アカネは強く、プリンセス・アリスに言う。ラピスラズリはただ、黙って聞いていた。プリンセス・アリスは何とも言えない表情をする。


「でも!私が動かないと…」

「自惚れるなと言っただろう。また、同じ誤ちを繰り返すのか?また何かを失わないと学べないのか?35人を道連れに死ぬまで理解しないのか?お前は特別じゃない、偶然、私たちの大将になっただけでお前は弱い。自分は特別だと自惚れるな」


明らかな怒りを込めて、アカネはプリンセス・アリスに言う。誤ち…そう言われて、プリンセス・アリスの脳裏を翔太の姿が…ドリームの姿が遮る。そして、薄々感じていた自分の急激なパワーアップのきっかけとなっている祭神の姿が…その側にいて彼女を護り続けたであろうアヤカの姿が……失った者を……プリンセス・アリスは思い返した。

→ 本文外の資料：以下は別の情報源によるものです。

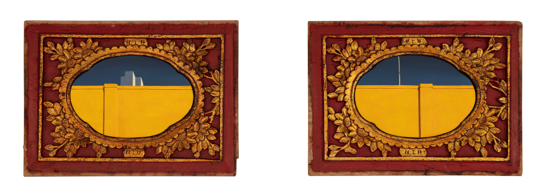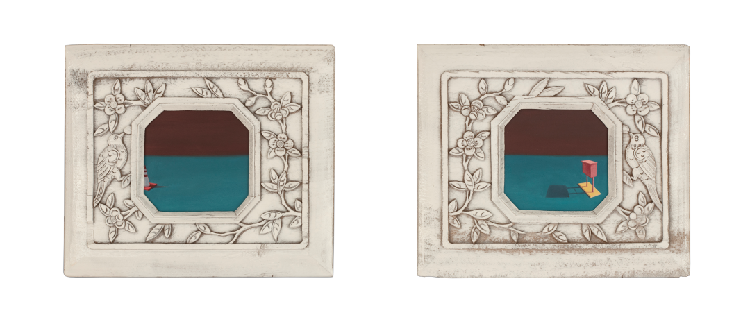 《围墙》高密度模型用木板 旧花板 有机玻璃 木盒装裱 23x16cmx2 2021

「お前の命に私の命がかかっている以上、私はお前を護ってやる。ただし、お前のやり方には従わない。私のやり方で勝手にお前を護る。いや、お前を護るのはついでだ。私の命を護るついでさ…いつまでも甘いお前は…この先、どうする?理想を追い求め35人を道連れに死ぬのか?理想を追い求め、お前が無理な戦いを続ければ…お前はまた、大切な者を1人ずつ、失うだけだ」


アカネはそう言い残して木の上に登る。木の上に登り、敵の居場所を確認したアカネは、魔法を使い一瞬で1人の魔法少女の首を飛ばした。側にいた仲間の魔法少女の首が飛び、恐怖を抱いたのか、側にいた魔法少女は逃げるように去っていった。


「胸糞悪い…」


アカネはそう呟き、森に姿を消した。その際、プリンセス・アリスとラピスラズリの元に、戻ることはなかった。




「アリスちゃん、大丈夫?」


失った者を思い返して、嗚咽を吐くプリンセス・アリスを、ラピスラズリが心配するが、プリンセス・アリスの視界にラピスラズリが写り、プリンセス・アリスは、ラピスラズリが失った者の中に加わる想像をしてしまい。更に嗚咽を吐く。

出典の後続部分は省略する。